= GIVEN MATERIAL =
*** Begin section ***

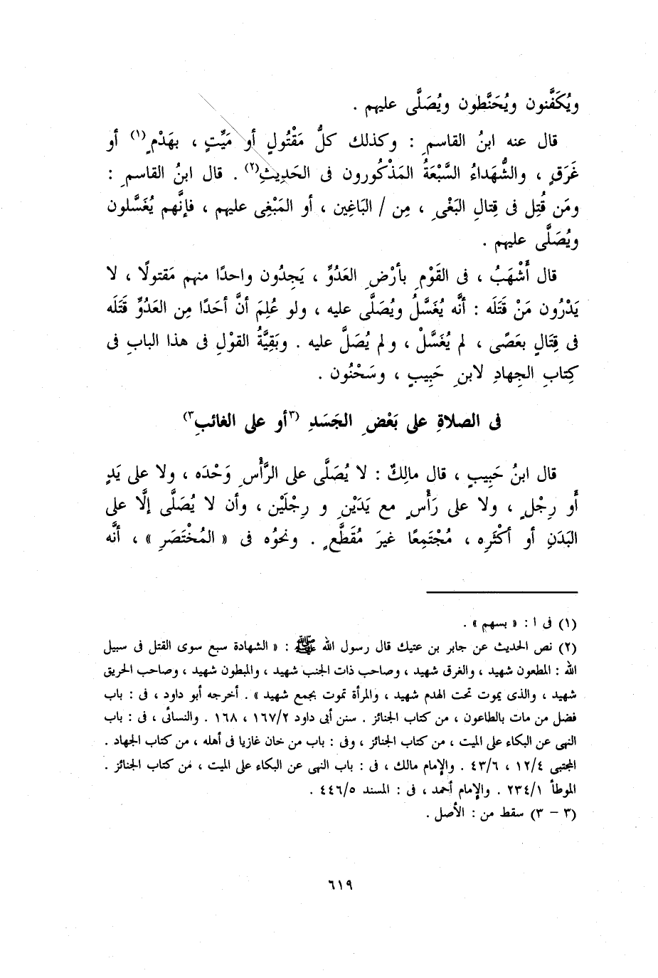 قال عنه ابْن الْقَاسِمِ: وكذلك كل مقتول أو ميت، بهدم أو غرق، والشهداء السبعة المذكورون في الحديث. قَالَ ابْنُ الْقَاسِمِ: ومن قتل في قتال البغي، من الباغين، أو المبغي عليهم، فإنهم يغسلون ويُصَلَّى عليهم.
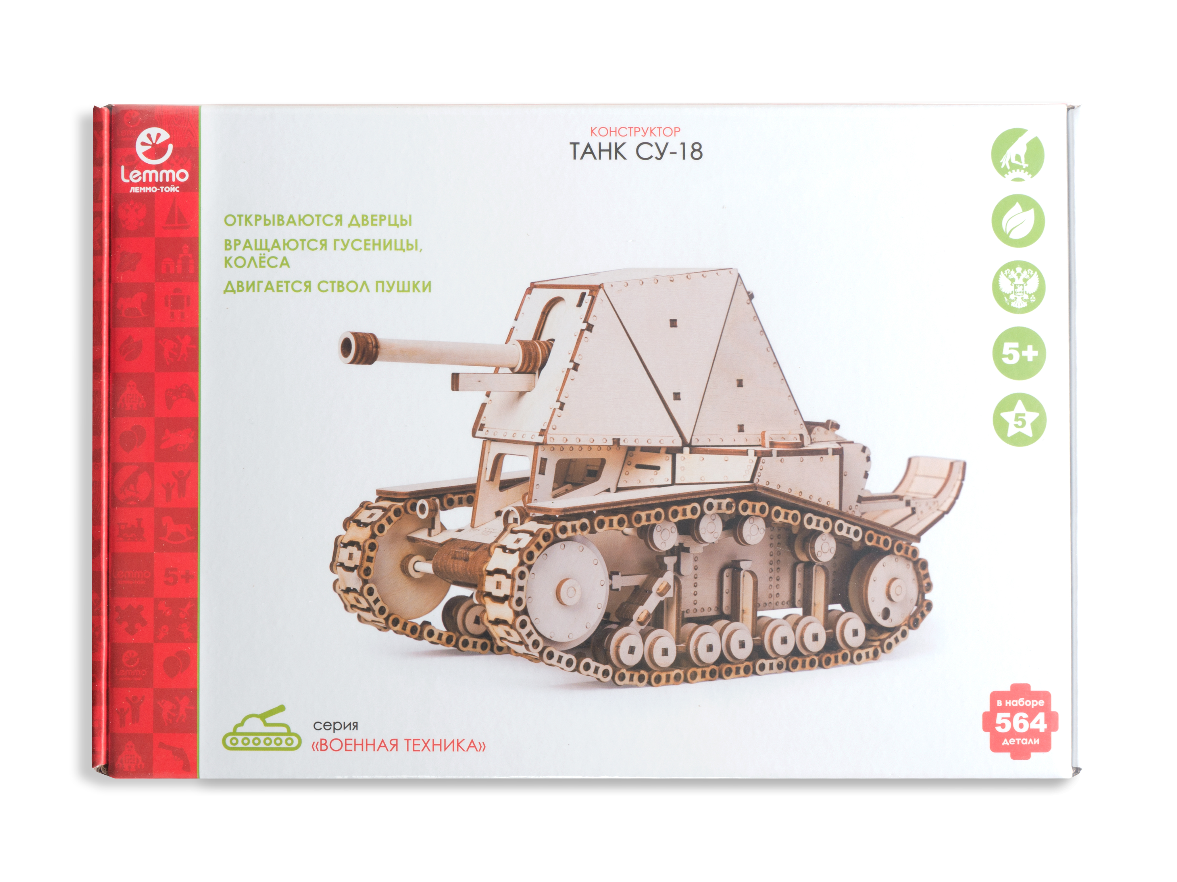 В этом наборе Танк Леммо подвижный СУ-18 очень много мелких деталей, процесс сборки потребует много вашего времени и внимания, но в результате у вас получится довольно большой и подвижный танк с вращающимися гусеницами и вращающимся дулом, кроме того у танка открываются дверцы. Это отличный подарок для мальчишек и их пап, а так же для любителей моделизма.
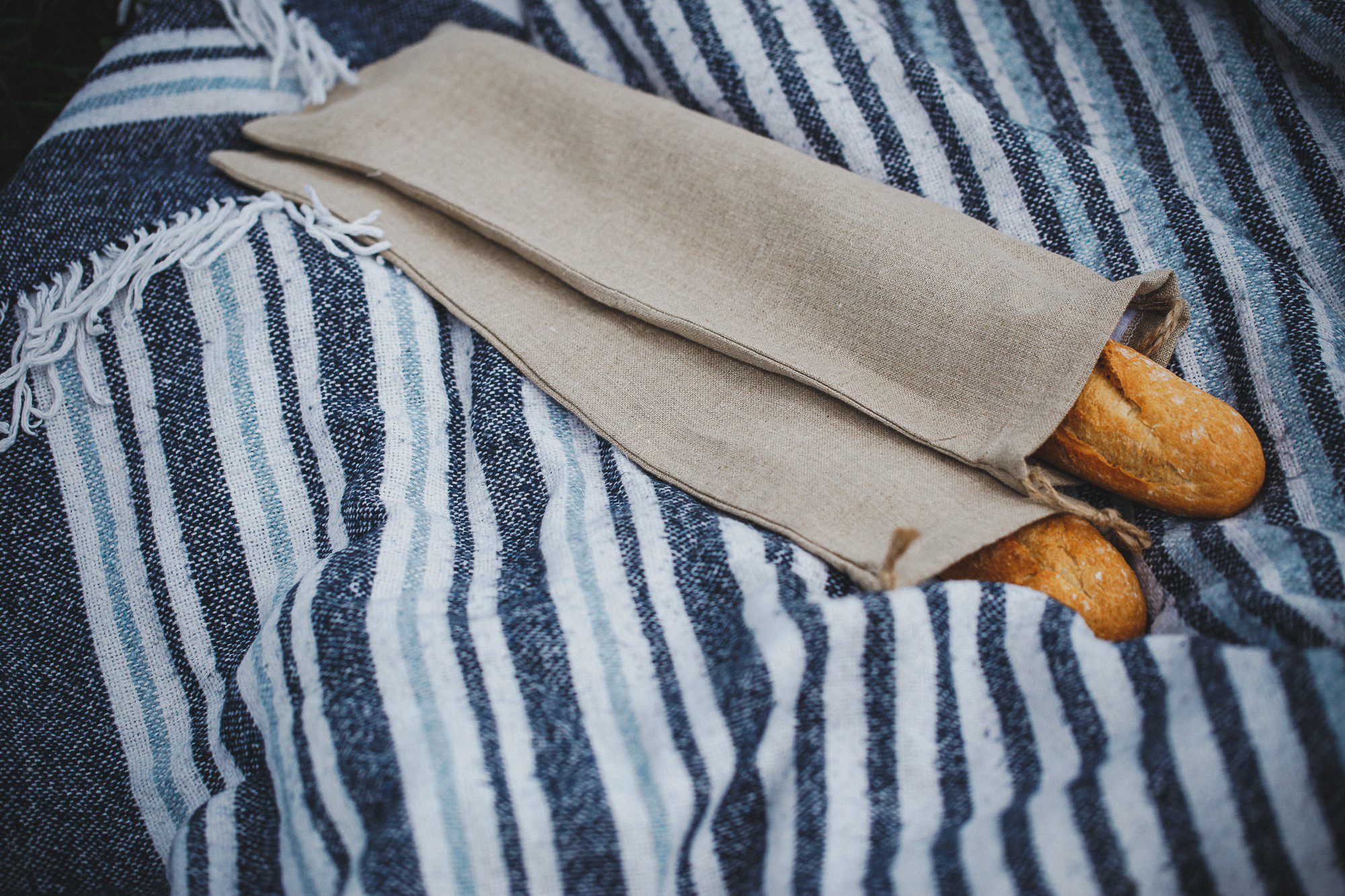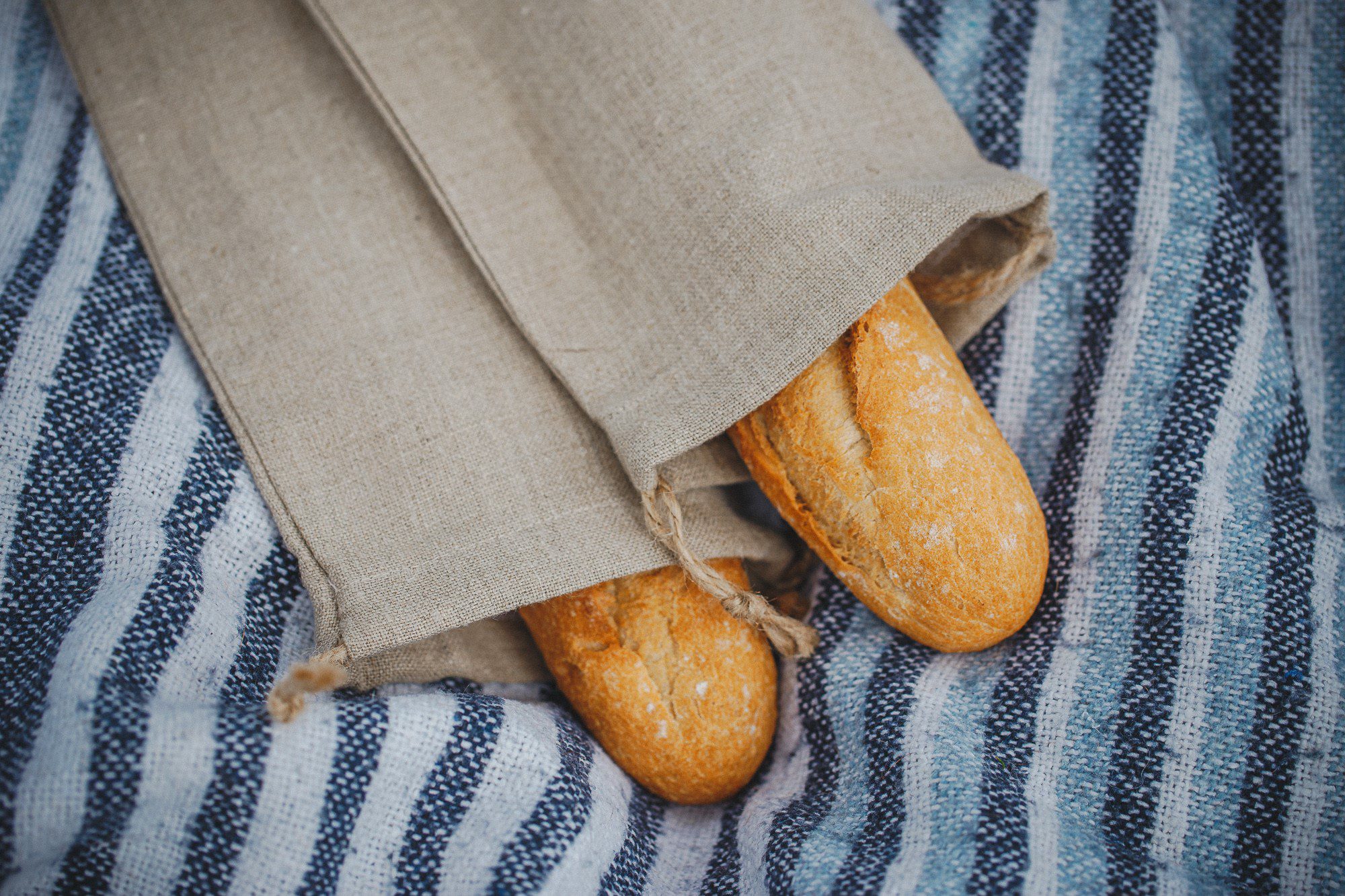 ✅100% lniany worek polskiej produkcji przeznaczony do przechowywania bagietki.

*** End section ***

= WHAT IS REQUIRED =
Lines from the one that holds "В этом наборе" through the final line of the material are to be duplicated exactly; no pictures belong in the copy.

= SOLUTION TO THE PROBLEM =
 В этом наборе Танк Леммо подвижный СУ-18 очень много мелких деталей, процесс сборки потребует много вашего времени и внимания, но в результате у вас получится довольно большой и подвижный танк с вращающимися гусеницами и вращающимся дулом, кроме того у танка открываются дверцы. Это отличный подарок для мальчишек и их пап, а так же для любителей моделизма.
 ✅100% lniany worek polskiej produkcji przeznaczony do przechowywania bagietki.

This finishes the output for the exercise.